I realized when I woke up this morning that today was not only the Ides of July, but the seventh month since Terry passed. Also, that I have less than ten days left of my long summer visit with my kids and my grandson. The real ringer this week was learning of the recent sudden death of a classmate and one of my closest friends during high school. His birthday would have been tomorrow. I’m definitely fighting off some doldrums and melancholy.
I’ve had an amazing time here in the PNW since early June, celebrating my son’s second official father’s day, my daughter’s birthday and my grandson’s third birthday. This weekend we celebrate my son and daughter-in-law’s anniversary.
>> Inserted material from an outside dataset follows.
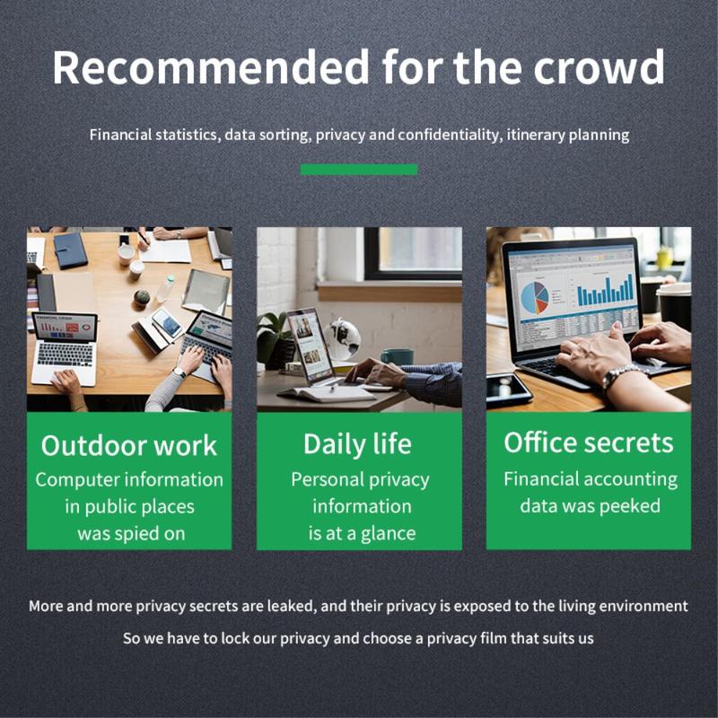 - Sichtschutz, der Bildschirminhalt wird bei engen Winkeln nicht sichtbar sein

I enjoyed listening to my daughter perform live at a local Opera on Tap event (in mid June and again next week). I also drove north of Seattle to Deception Pass with my daughter and her boyfriend for some easy hiking with a recovery period at a local winery.
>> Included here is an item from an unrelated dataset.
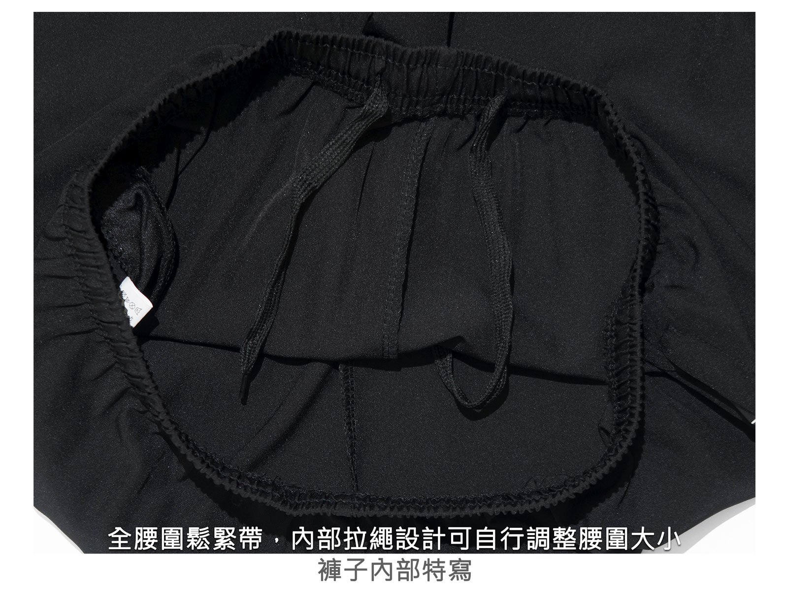 全腰圍鬆緊帶,內部綁帶設計可自行調整腰圍大小。

Perhaps I’m feeling anxious because returning to my home means facing the seemingly insurmountable unfinished tasks I left behind me at the end of May. The situation with my father has only gotten worse in my absence. My house remains cluttered with the detritus of several decades and no closer to being ready for the hot housing market. I can find many excuses to let inertia continue it’s course and few motivations to keep the rock rolling.
Well, that last is not entirely true. I have many motivations with me here right now where I’m visiting. I just fear that when I return, the fog of futility will overwhelm me and my job will be my only safe and orderly sanctuary.